● **WHAT YOU NEED TO DO**
Nothing but the lines from the one including "Dejlig lækker 16" through the last line of the entries, restated exactly, should appear in the answer; omit the pictures.

● **EXCERPTED RECORDS**
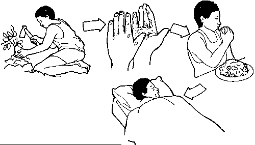 Another case of water-washed disease could happen when excreta, such as animal manure, is used as fertiliser in gardens. Vegetables from such gardens may carry micro-organisms causing illness. If the vegetables are not carefully washed before they are eaten, disease may be spread. The gardener working in the garden may also have micro-organisms on his hands. He must always wash his hands after working and before eating.
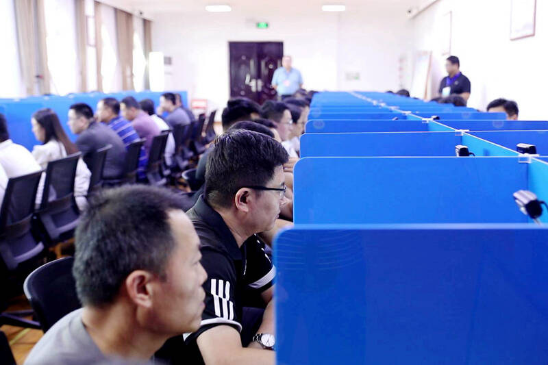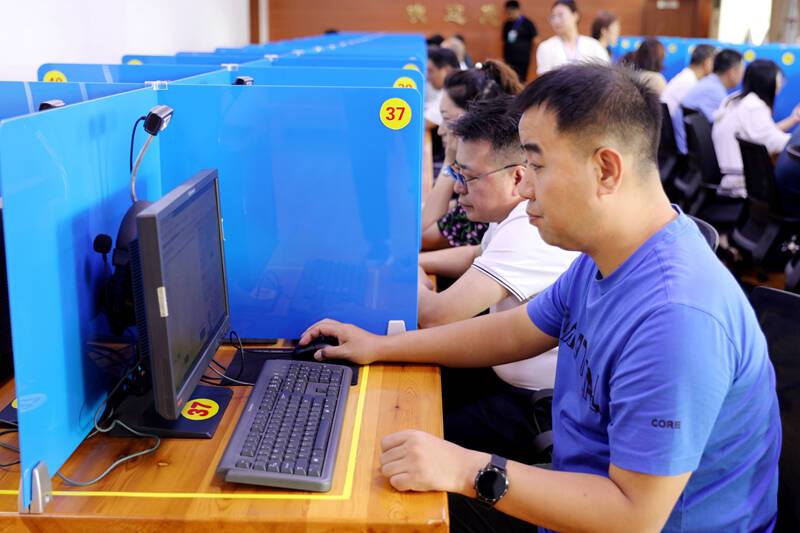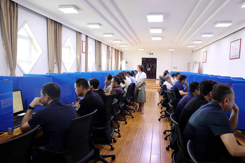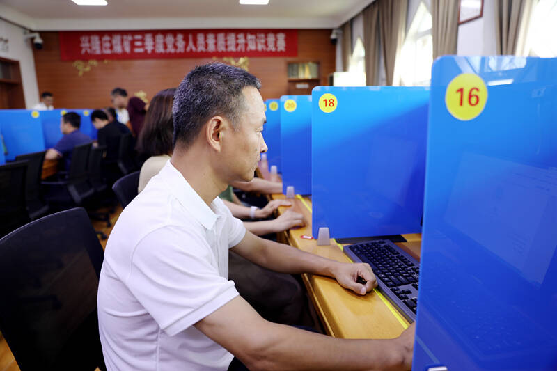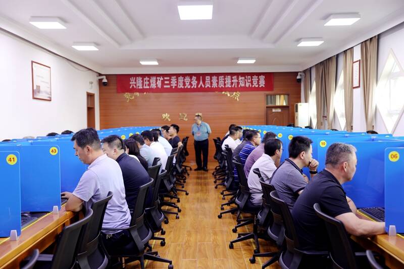 找到新问题,用心解答案。8月16日,在兴隆庄煤矿教培中心一层微机室考场,三季度党务人员素质提升知识竞赛火热进行。签到后的参赛人员将手机静音后放在指定储存箱内,来自该矿各单位的党(总)支部书记、支部委员、支部文书及政工科室人员胸有成竹地坐在考试座位上等待开赛。
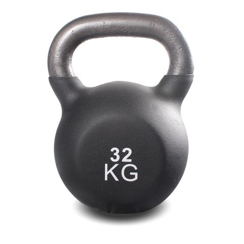 Dejlig lækker 16 kg. kettlebell af støbejern, der er overtrukket med kraftig rød neopren, så den også beskytter gulvet!
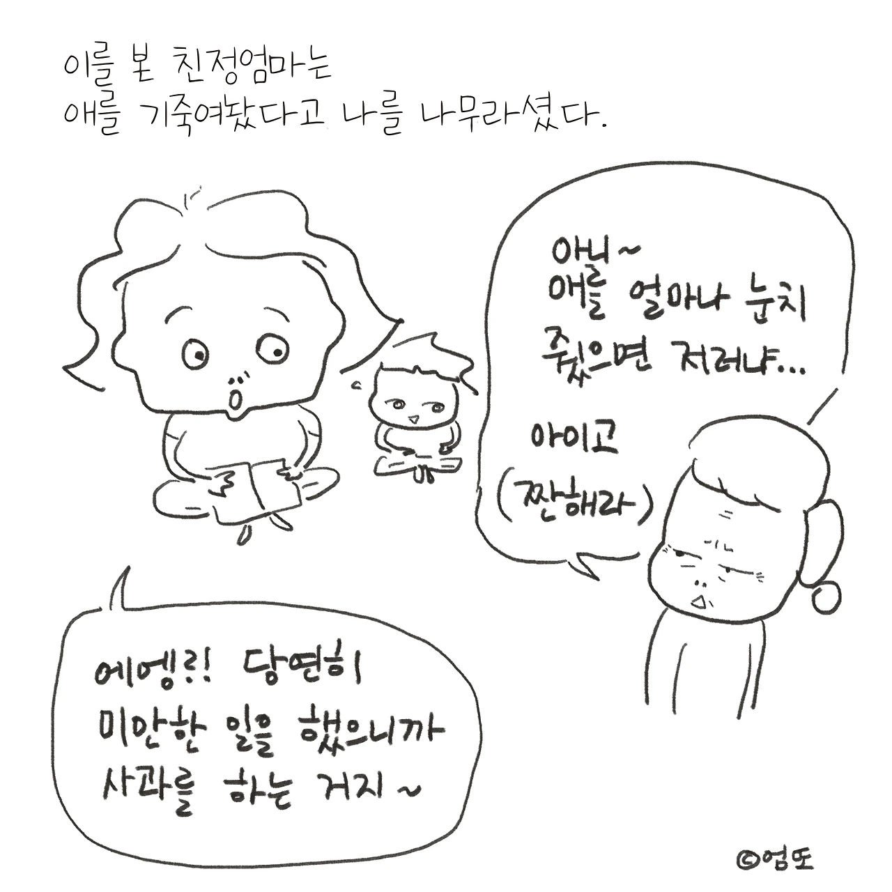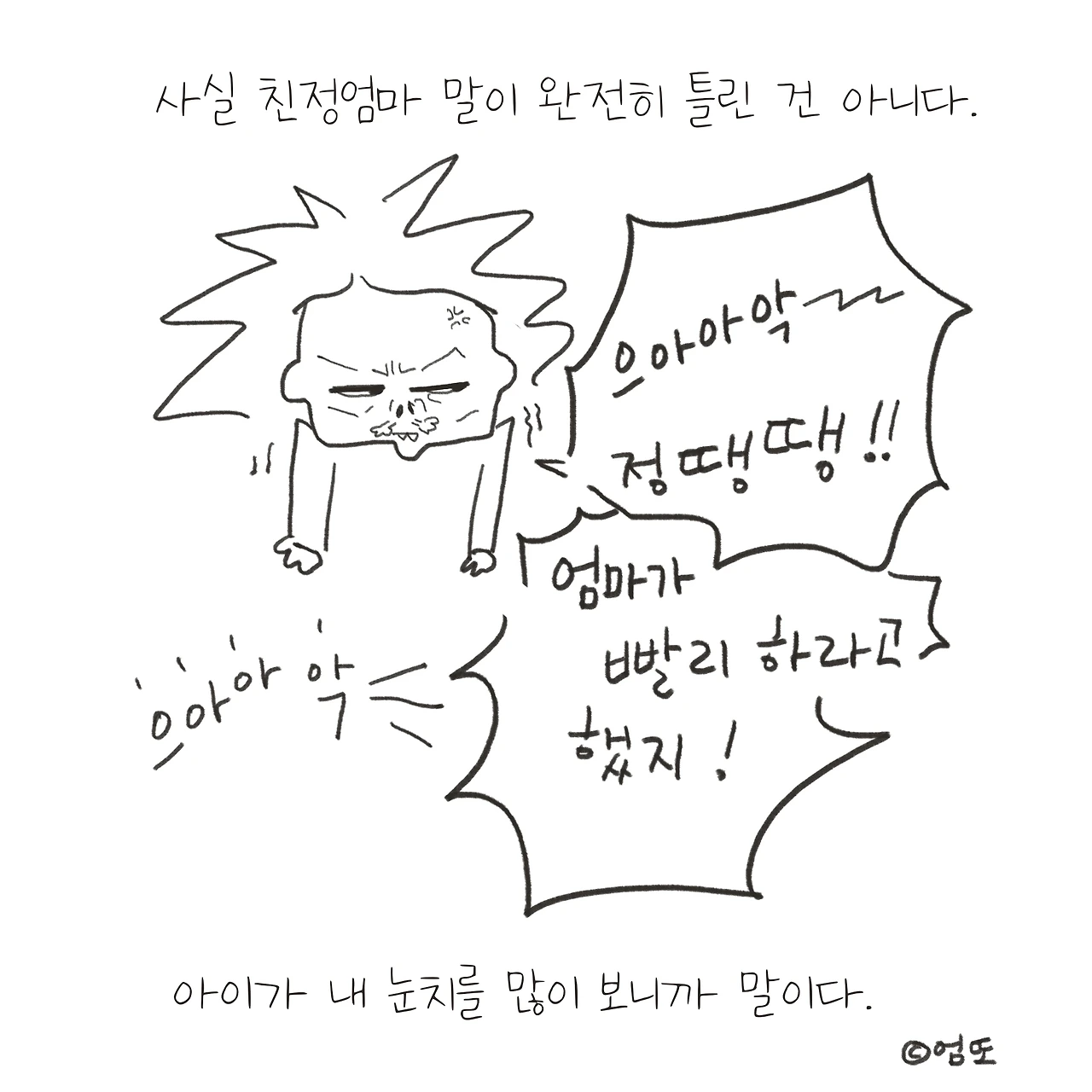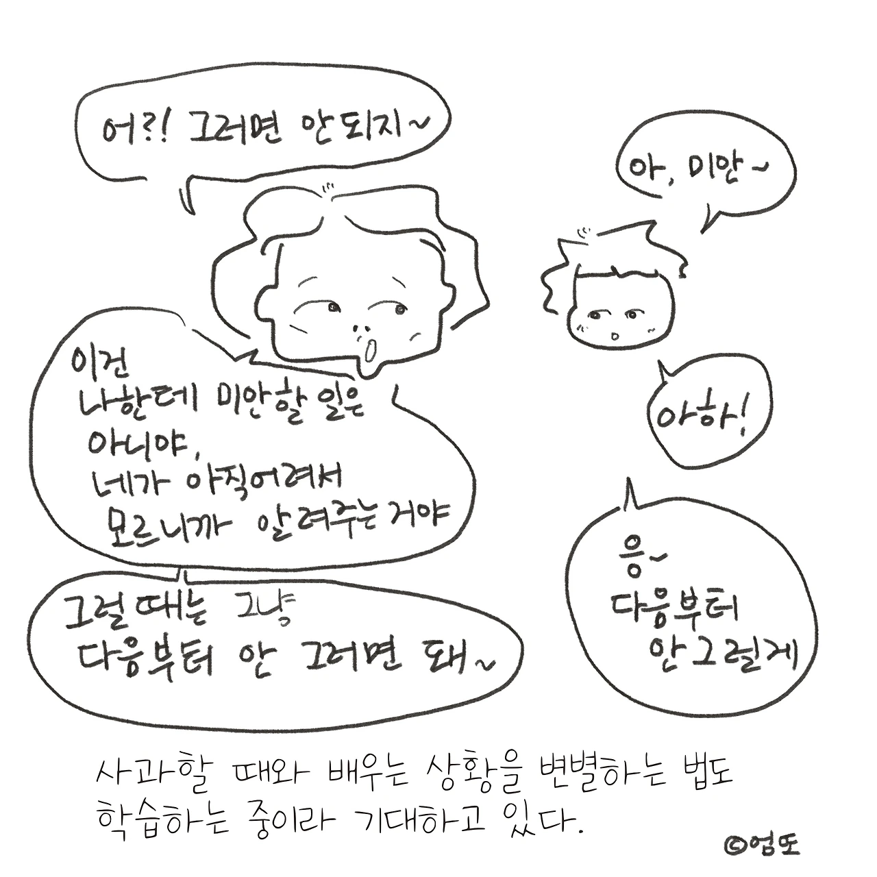 어떤 화 많은 사람을 만나도 내 아이는 당황하지 않을 것 같다. 워낙에 집에서 단련을 많이 해왔으니 말이다. 나는 화를 많이 내는 엄마이기는 하지만, 공갈협박 등 치사한 방법은 쓰지 않는다. 조건도 걸지 않는다. 내가 왜 화가 나는지, 아이가 그 행동을 왜 하면 안 되는지 설명해 준다. 그러자면 꽤 귀찮다. 공갈협박이면 한큐에 끝날 일인데 말이다. 화를 안 내고 설명해 줄 수 있는 그릇을 지니고 있다면 그게 제일 좋겠지만 난 그런 사람이 못되니까 애초에 생각도 안 했다.
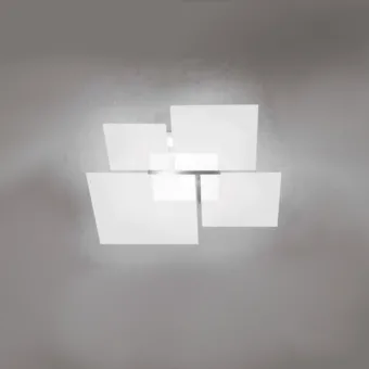 Plafoniera moderna composta da vetri satinati quadrati, di dimensioni diverse, che nel loro insieme danno vita ad un disegno geometrico da adattare sicuramente ad un arredamento più attuale. Un modello curato ai minimi termini e che fa la sua figura in qualunque stanza si posizioni. Made in Italy
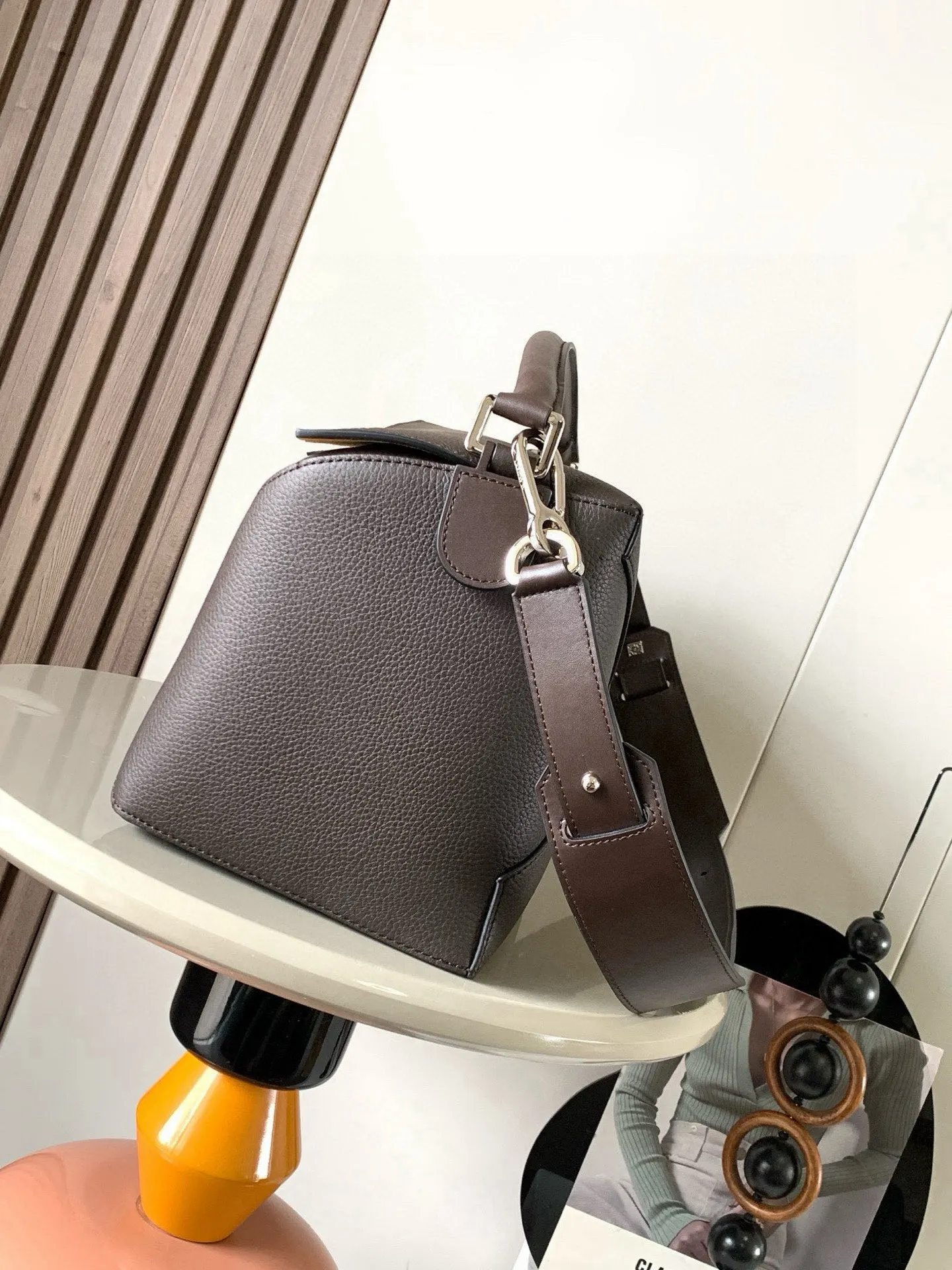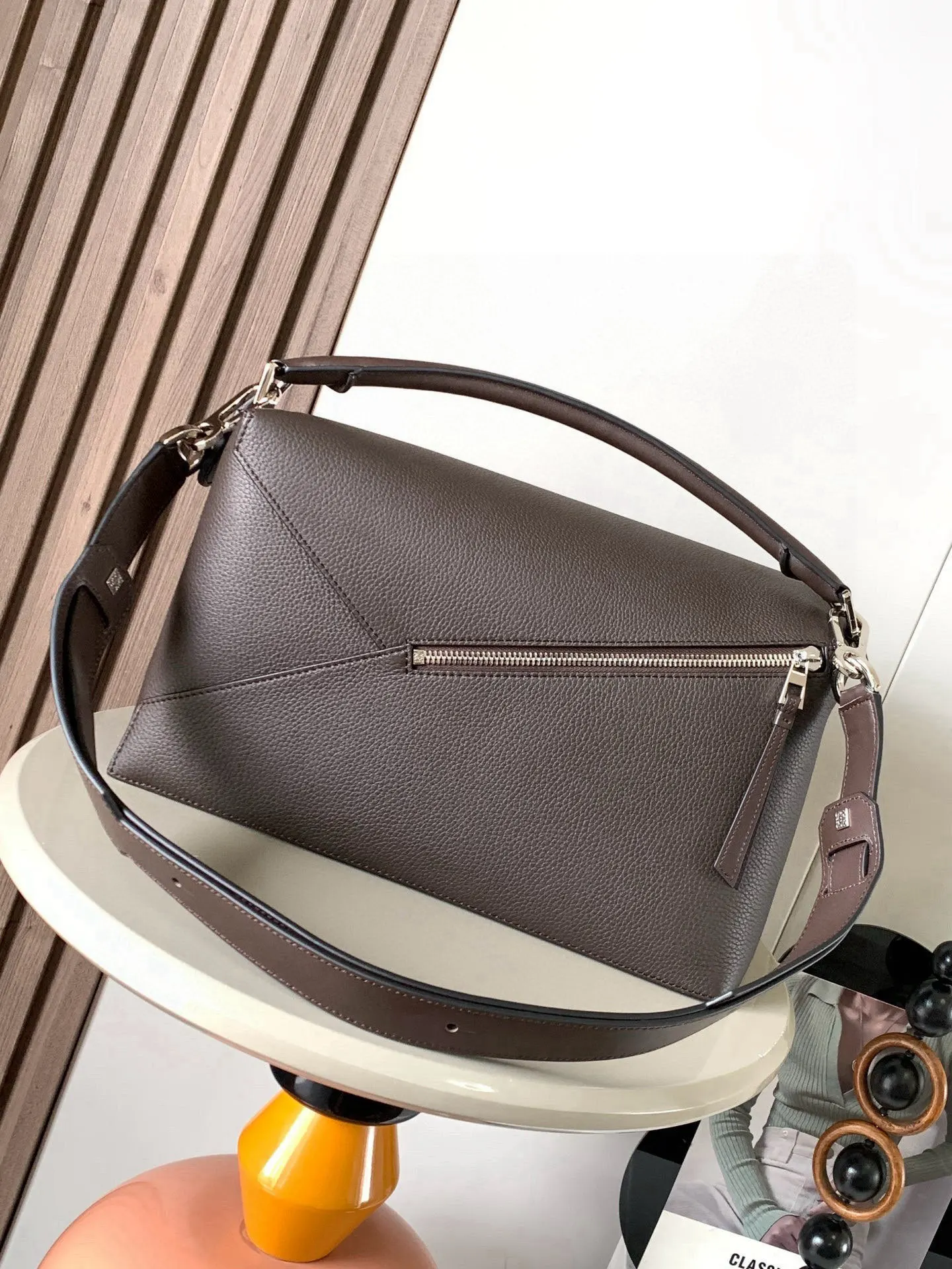 新款大号几何包36CMPuzzle手袋 原厂进口荔枝纹牛皮 罗家爆款几何包Puzzle 手袋是创意总监乔纳森 安德森 Jonathan Anderson 为 L0EWE 推出的首款手提包包长方体形状和精确的切割技术创造了Puzzle 独特的几何线条简约大气的几何设计时髦中带着股酷劲 可甜可盐原厂荔枝纹小牛皮 包型都不变型手感舒适得没话说上身气质立马up 立体包型还蕴藏着非凡的容量是永远都囤不够的热门单品

● **COMPLETED EXERCISE**
 Dejlig lækker 16 kg. kettlebell af støbejern, der er overtrukket med kraftig rød neopren, så den også beskytter gulvet!
 어떤 화 많은 사람을 만나도 내 아이는 당황하지 않을 것 같다. 워낙에 집에서 단련을 많이 해왔으니 말이다. 나는 화를 많이 내는 엄마이기는 하지만, 공갈협박 등 치사한 방법은 쓰지 않는다. 조건도 걸지 않는다. 내가 왜 화가 나는지, 아이가 그 행동을 왜 하면 안 되는지 설명해 준다. 그러자면 꽤 귀찮다. 공갈협박이면 한큐에 끝날 일인데 말이다. 화를 안 내고 설명해 줄 수 있는 그릇을 지니고 있다면 그게 제일 좋겠지만 난 그런 사람이 못되니까 애초에 생각도 안 했다.
 Plafoniera moderna composta da vetri satinati quadrati, di dimensioni diverse, che nel loro insieme danno vita ad un disegno geometrico da adattare sicuramente ad un arredamento più attuale. Un modello curato ai minimi termini e che fa la sua figura in qualunque stanza si posizioni. Made in Italy
 新款大号几何包36CMPuzzle手袋 原厂进口荔枝纹牛皮 罗家爆款几何包Puzzle 手袋是创意总监乔纳森 安德森 Jonathan Anderson 为 L0EWE 推出的首款手提包包长方体形状和精确的切割技术创造了Puzzle 独特的几何线条简约大气的几何设计时髦中带着股酷劲 可甜可盐原厂荔枝纹小牛皮 包型都不变型手感舒适得没话说上身气质立马up 立体包型还蕴藏着非凡的容量是永远都囤不够的热门单品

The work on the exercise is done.